= BPM RNA motif =

BPM RNA motif is a conserved non-coding RNA motif identified in plants. It was discovered through comparative genomic analysis of rosid species and is associated with homologs of the BTB-POZ and MATH (BPM) domain protein genes BPM1 and BPM2.

== Discovery and distribution ==
The BPM RNA motif was identified by Sack et al. in a comparative genomics study of structured RNAs in plants. The motif was detected in 31 species belonging to the rosid clade and occurs within the second intron of BPM1 and BPM2 homologs.

== Structure ==
The motif is predicted to form a conserved stem-loop structure interrupted by one small and two large bulge loops. Conserved alternative splice sites occur within the motif, including cassette exon-associated 3′ and 5′ splice sites. In Arabidopsis thaliana, the motif overlaps a cassette exon that participates in alternative splicing.

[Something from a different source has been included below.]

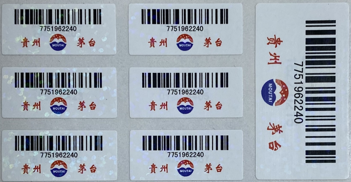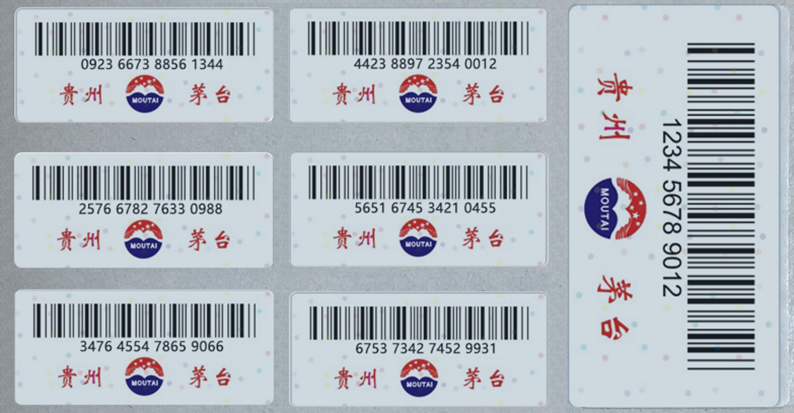 为全面实现茅台酒“一瓶一码”物流溯源需求,自2022年1月24日起,飞天53度500ml贵州茅台酒启用了新版物流码标签。与旧版物流码标签(瓶码箱码相同,均为10位)相比,箱码升级为12位,瓶码升级为16位、为一瓶一码,箱码对应绑定箱内所有瓶码,以上信息在出厂前均已记入系统。至销售终端,销售人员通过扫码设备可识读茅台酒箱、瓶绑定信息。

Although the original structural prediction appeared promising, subsequent homology searches provided limited covariation support for the proposed secondary structure.

== Function ==
The biological function of the BPM RNA motif has not been experimentally validated. Sack et al. proposed that the motif may act as a cis-regulatory RNA element involved in alternative splicing of BPM1 and BPM2 transcripts.

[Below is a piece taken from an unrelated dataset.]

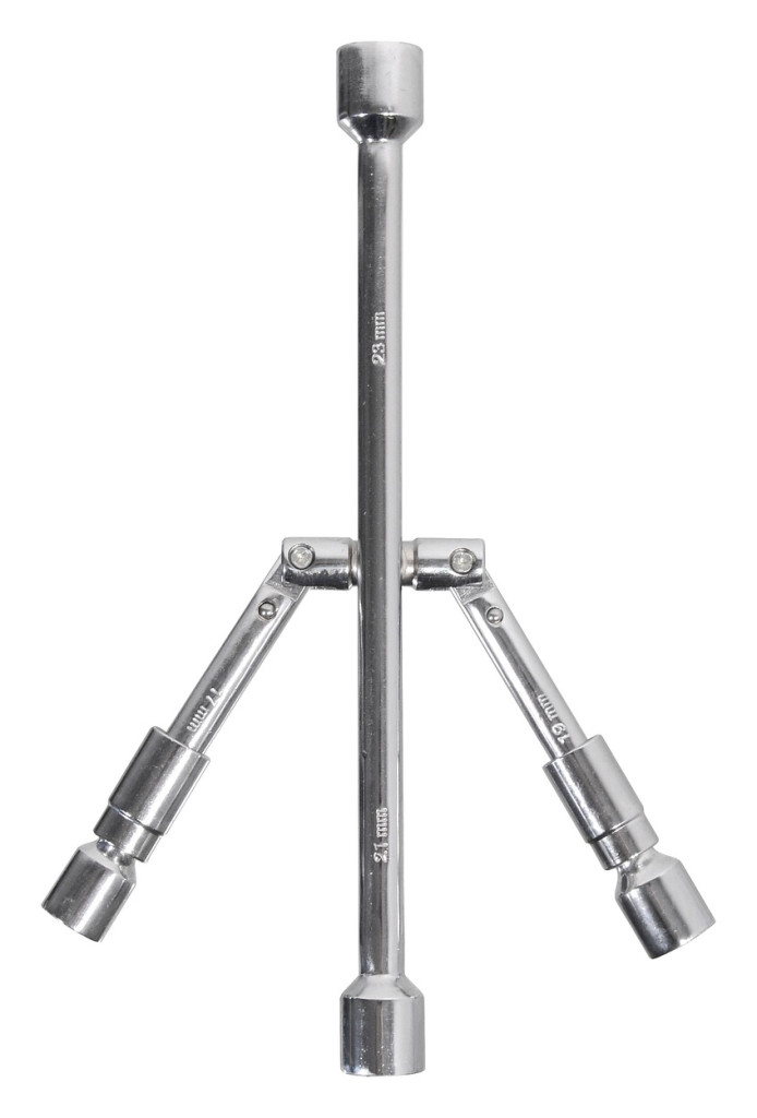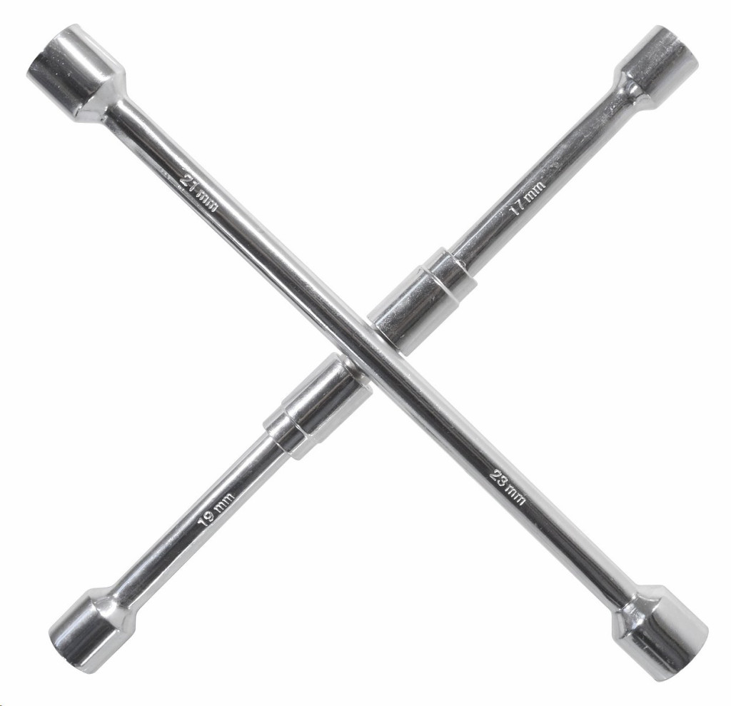 A Compass márkájú összecsukható kereszt alakú fémkulcs az autó felnik anyái és csavarja kilazítására / meghúzására szolgál. A végein 17, 19, 21 és 23 mm méretű fejek találhatók.

In Arabidopsis thaliana, inclusion of the cassette exon associated with the motif generates transcript isoforms subject to nonsense-mediated decay (NMD). Because BPM proteins are involved in ubiquitin-mediated regulation of transcription factors controlling flowering, seed development, and abiotic stress responses, the motif has been hypothesized to contribute to regulation of BPM gene expression through modulation of cassette exon inclusion.

== Biological context ==
BPM proteins form part of Cullin E3 ubiquitin ligase complexes and interact with several transcription factor families, including AP2/ERF, homeobox-leucine zipper, and R2R3 MYB proteins. Through these interactions, BPM proteins contribute to developmental and stress-response pathways in plants.